日本では、温室効果ガスのうち、CO2の排出量が全体の約91%を占めている。そして、その8割以上が化石燃料による発電や電力消費を含めたエネルギー起源だ。カーボンニュートラルを目指すための対策には2つの視点があると、杉本さんは言う。
「1つ目は、電気の使用量を減らすことで、発電に用いられる化石燃料の消費を減らすことです。これには小さくて強い磁石による家電製品の省エネ化が役に立つでしょう。そして、2つ目の視点は、化石燃料を使わない発電量を増やすことです」
その一例として期待しているのが、風力発電だという。
「現在はギアでタービンを回転させていますが、劣化や騒音などの解決すべき課題があります。これらを磁石による発電機を使うことで改善できるのではないかと期待しているのです」
すでに電気自動車やハイブリッドカー(ガソリンで動くエンジンと電気で動くモーターの2つの動力源を備えた車)には、磁石が使われていて、化石燃料消費低減を進めている。

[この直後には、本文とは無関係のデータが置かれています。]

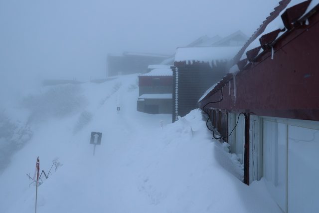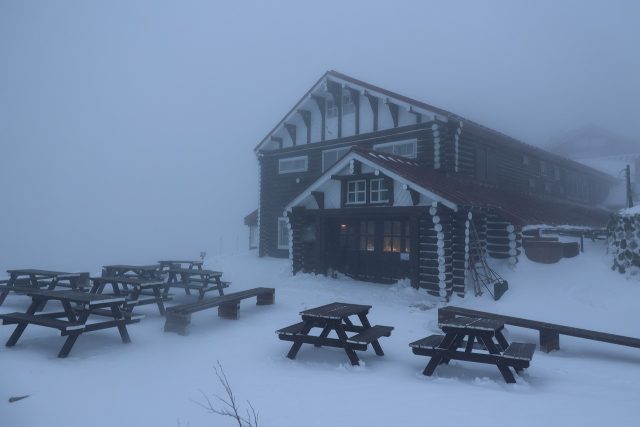 終日、雪降りとなりましたが風が強かったこともあり、小屋周りの積雪は思った程は増えていませんがまだまだ降り続いているので、明日の朝になれば増えているかもしれません。今日の日中は-5℃位とそれほど厳しい寒さではありませんでしたが、風が強かったので気温以上に厳しい天候になりました。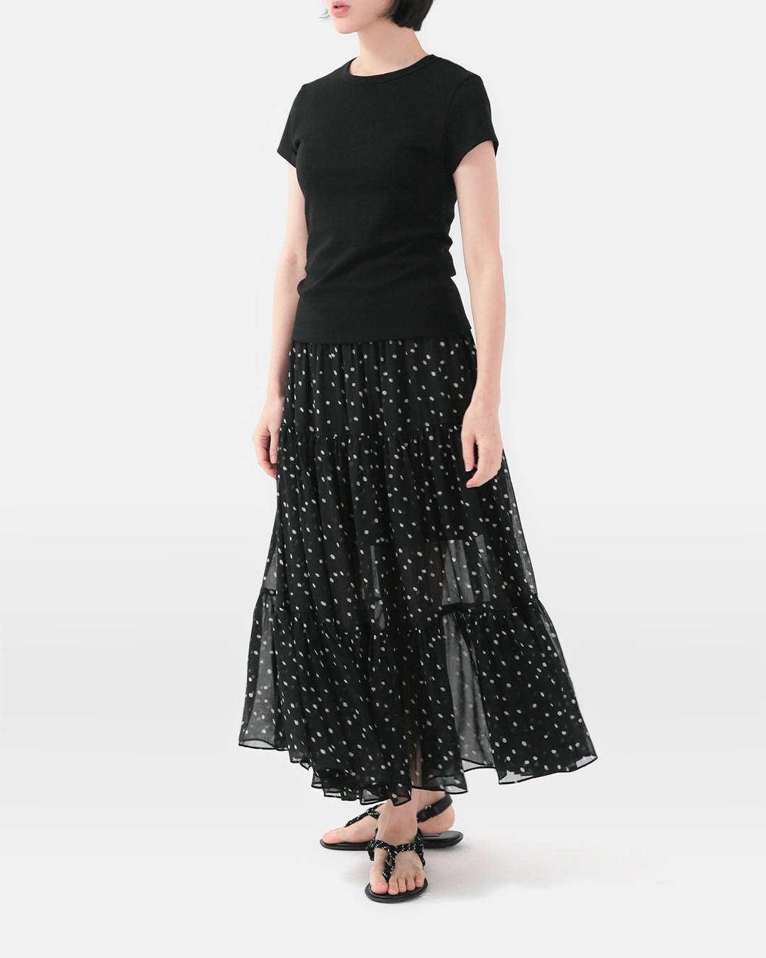 * 밑단으로 갈수록 풍성해지는 티어드 절개가 움직일 때마다 우아한 실루엣 연출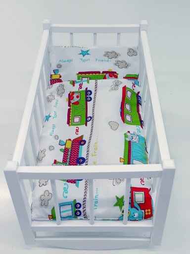 KOŁYSKA DLA LALEK BIAŁA DREWNIANA + POŚCIEL 3el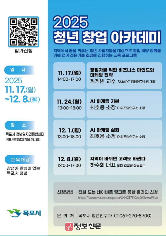![]() 목포시, 2025년 청년 창업 아카데미 개최 |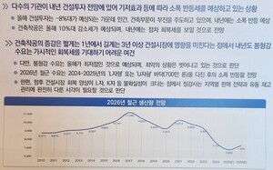 내년 철 스크랩 수요가 올해 수준이거나 소폭 증가할 것으로 전망된다.12일 서부산 신라스테이에서 열린 ‘철자원 상생포럼’에서 대한건설정책연구원 박선구 실장은 “건설 경기의 빠른 회복은 기대하기 어렵다”며 “L자(장기불황) 혹은 나이키 혹은 K자(양극화) 등 다양한 전망과 불확실성이 크지만 건설 경기의 빠른 회복을 기대하는 목소리는 적다”고 말했다.다만 이날 발표에서 “건축 착공의 증감은 짧게는 1년에서 길게는 3년 이상 건설시장에 영향을 미친다”고 강조하고 “내년에도 봉형강 수요는 가시적인 회복세를 기대하기 어렵다”고 말했다.그러면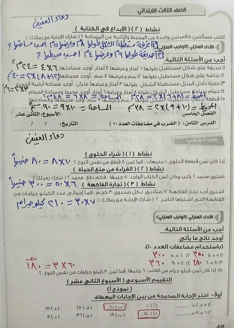 لمتابعة باقي أسئلة وحل الأداء الصفي وواجب وتقييم الأسبوع الثاني عشر رياضيات للصف الثالث الابتدائي ترم أول 2026 يمكن للطلاب تحميل والإطلاع على الصور التالية: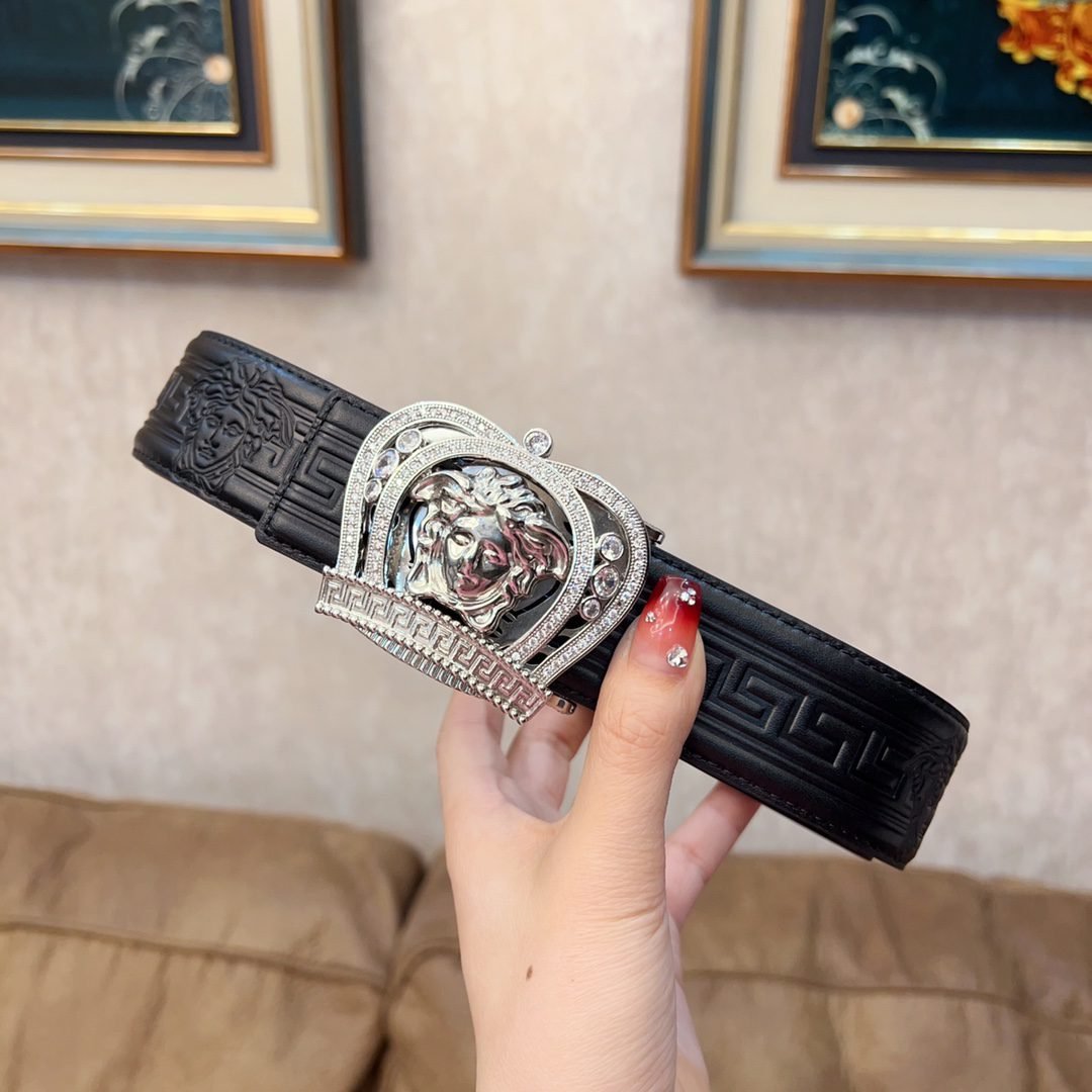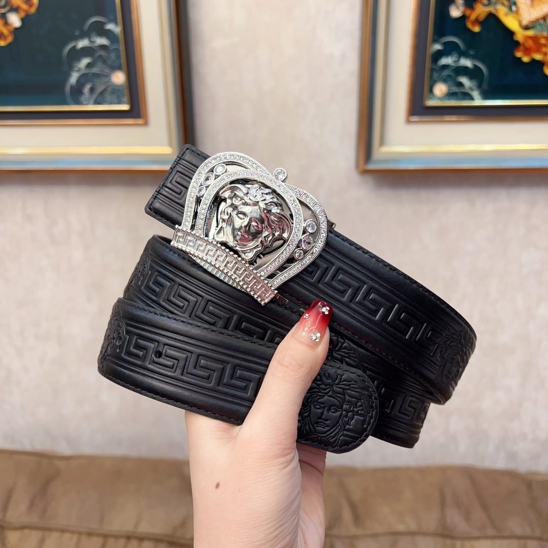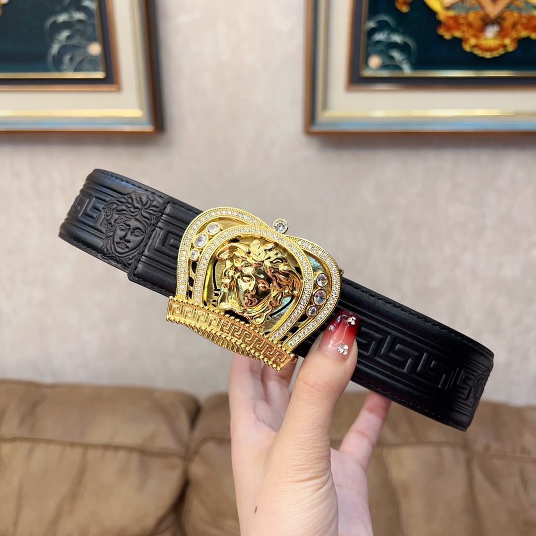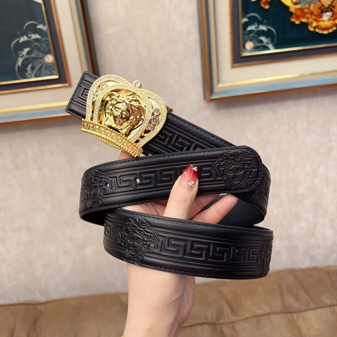 Home Belt VERSACE Belt Versace Classic Medusa Relief Ring Buckle Black Texture Belt Simple Fashion Noble Luxury
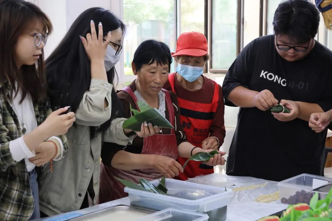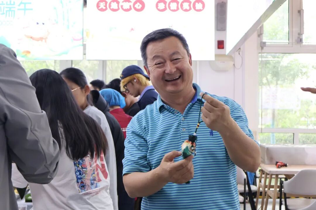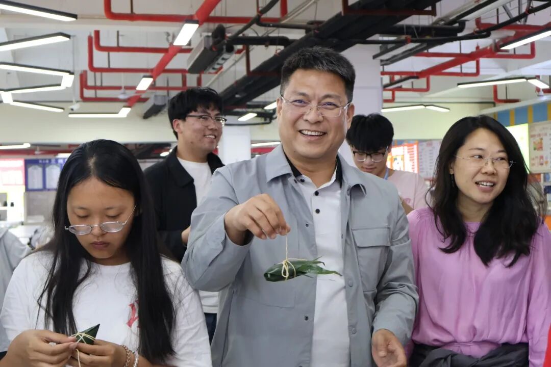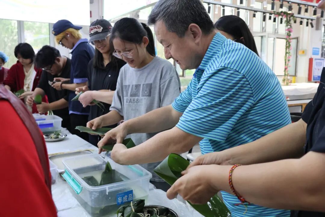 活动现场,丰富多样的环节吸引着同学们的热情参与。在包粽子区域,糯米、粽叶、红枣、豆沙等新鲜食材以及相关工具一应俱全。在食堂阿姨的耐心指导下,同学们纷纷动手尝试包粽子,学习这一传统劳动技能。不少同学在掌握技巧后,包出了形状各异的粽子,现场欢声笑语不断。校长助理张川和学生处副处长秦宏亮莅临现场,与同学们共享欢乐时刻。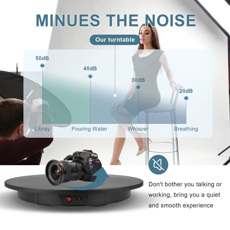 • √√√ Smoothly Rotate and Without Shaking: Our 24inch large photography display stand with the speed range 50-110 s/r (±5s/r), has a smooth motor (≤50db) to avoid shake and noise during the video. Perfect for 360 degree images, short video, 3d models, exhibition and other product display.
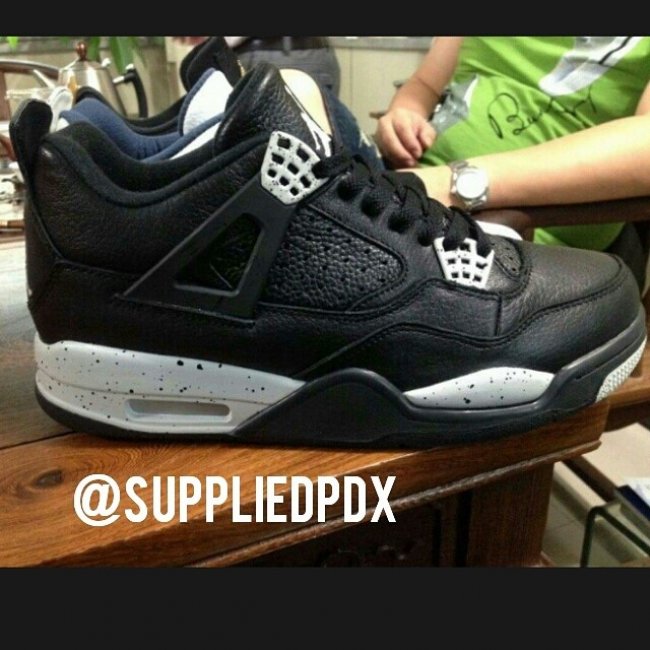 将于 2015 年复刻发售的 Air Jordan 4 "Oreo" 奥利奥配色曝光了实物图片。黑色皮质鞋面搭配泼墨中底,鞋身侧面没有采用塑料网格,而是以 Air Jordan 4+ 小改款鞋型皮革材质呈现,预计 15 年春季正式发售。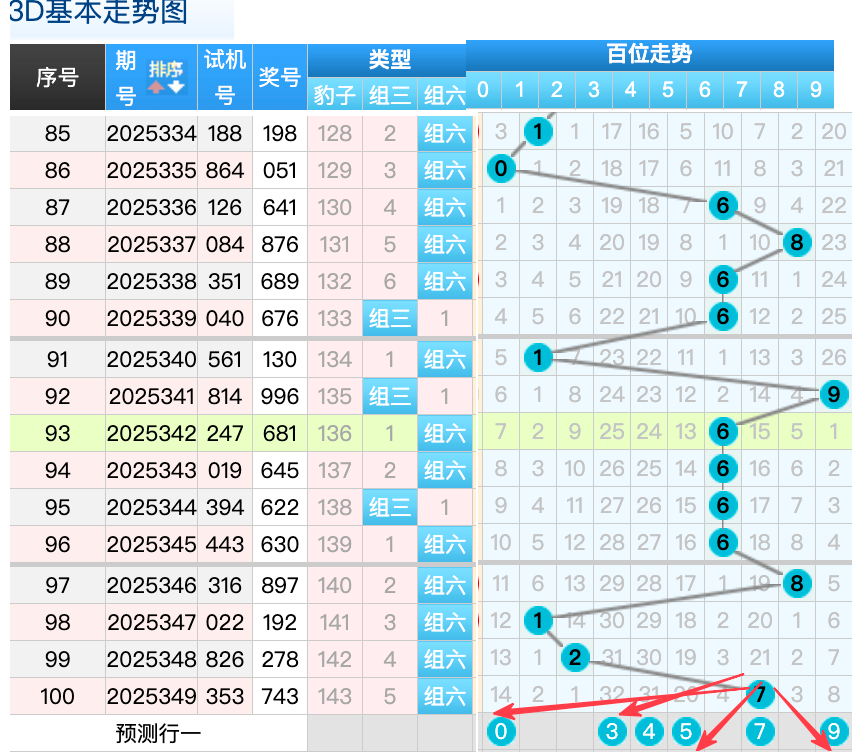3D上期百位开出的7球,这个奖号是一个冷码回补落位趋势也是一个比较好的符合百位上的落位点,先来看9号球这里还是有机会继续走出一个常搭配的趋势也是一个冷码的回补号码,还有一个就是4号球和5号球这里的号码落位形态的概率在这里的机会还是很好的要注意防守,然后0号球这里要注意也是一个大号回补落位趋势要注意防守,7号球在百位上要注意可能有机会走出重码回补的落位注意防守 。
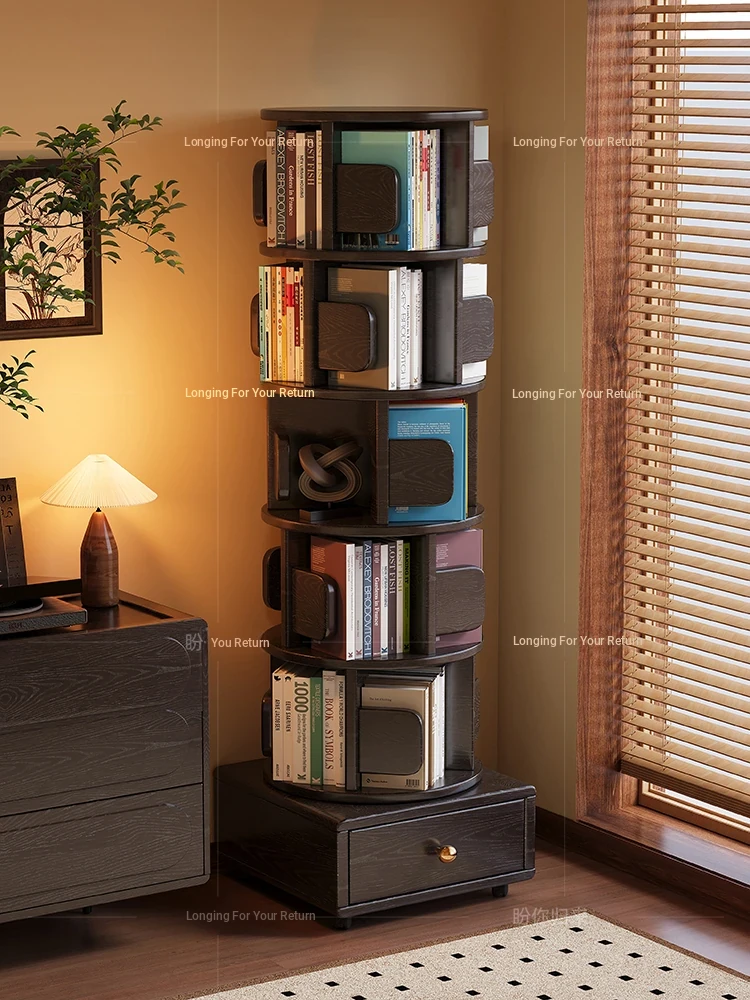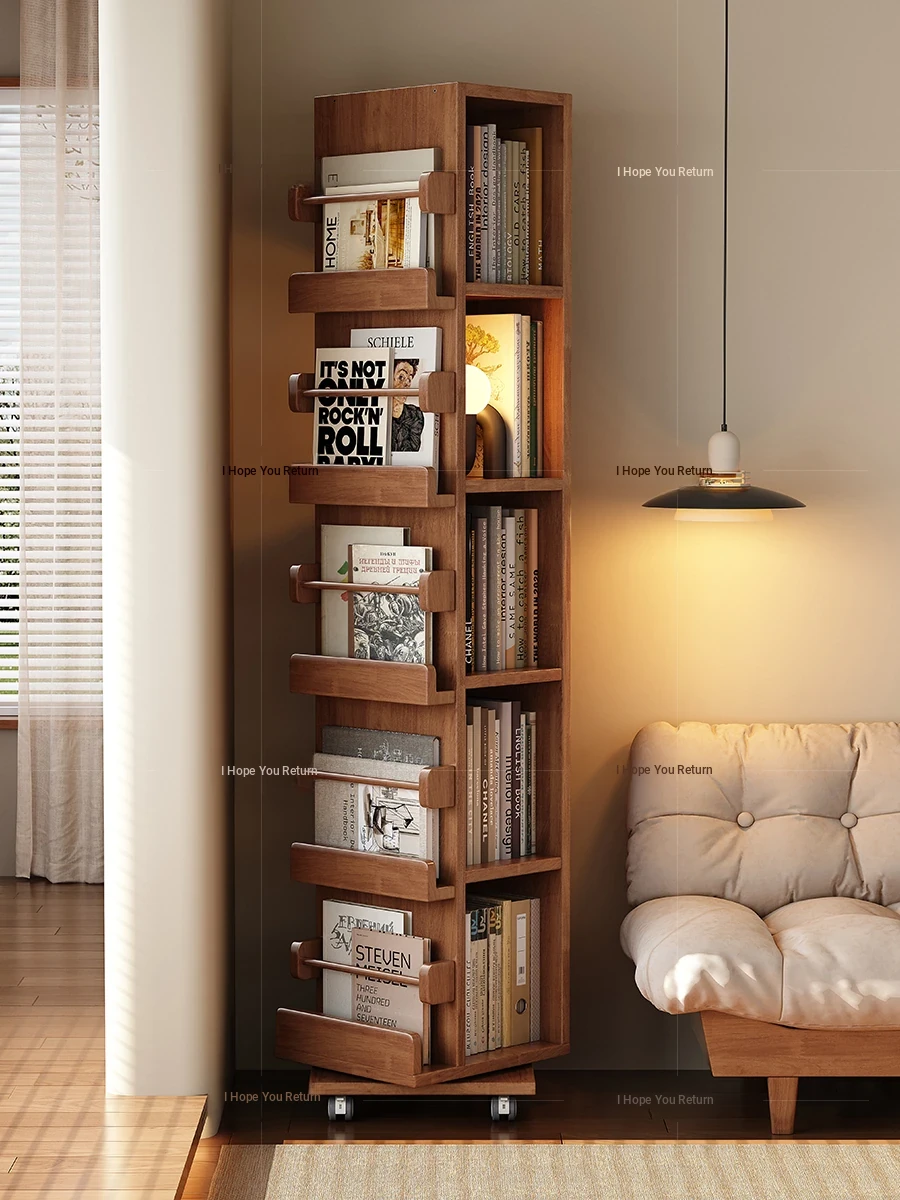 Rotating Solid Wood Bookshelf - 360-Degree Movable Storage Rack for Home, Ideal for Students' Book Organization, Perfect Wall-Mounted Cabinet for Bedrooms

「磁石は未来指向型の研究です。まだまだ新しい“最強の磁石”を生み出せると信じています」
100年余り前に始まった人工磁石の歴史には、これからも新しい発見が刻まれそうだ。
■磁石と希土類(レアアース)
希土類は、レアアース とも呼ばれている。「希」も「レア」も希少性を意味する。だが、埋蔵量自体は決して少ないわけではない。世界中に埋蔵されているのだが、経済的に採取可能な国が「レア」なのだという。現在、中国が世界の希土類生産量のおよそ7割を占めている。ところが、その採掘や輸出を規制するなど、国家管理を強化しているため、安定供給にはリスクがある。なお、南鳥島(東京都小笠原村)の排他的経済水域(EEZ)内の海底には、世界需要の数百年分に及ぶ埋蔵量があると判明している。
■方位磁石の使い方
傾かないように気をつけて平らに置く。くるくる回っている針の動きが止まったら、本体をゆっくり回す。針の赤い部分は、必ず「北」を指している。そこで「北」の文字を、赤い針に重なるように、合わせる。これを基準として、調べたい対象がどの方角にあるのかを読み取る。
■方位磁石が南北を示す理由
磁石にはN極とS極がある。N極同士、S極同士は、互いに反発して退け合う。N極とS極は、互いに引き付け合う。針のN極とS極は、どこに引き付けられてそれぞれ北と南を指しているのだろう? 地球の南極と北極だ。実は、地球は全体が大きな磁石になっているのだ。磁石である地球には、N極とS極がある。北極の近くにS極があり、南極の近くにN 極がある。磁石は異なる極同士が引き付け合う。コンパスの針のN極は地球のS極に引き付けられるので常に北を指しているのだ。
■磁石の誤飲は危険!
パズルや玩具として販売されている小さな磁石グッズを、ペットや乳幼児が誤飲する事故が発生している。磁石を誤飲すると、胃壁や腸壁を挟んで磁石同士がくっついて消化管内にとどまってしまう。時間が経過すると壊死して消化管に穴が開いたり、腸閉塞を引き起こしたりして、開腹手術が必要になる。誤飲した可能性がある場合は、すぐに医療機関を受診しよう。また、誤飲防止に留意して磁石を保管・管理しよう。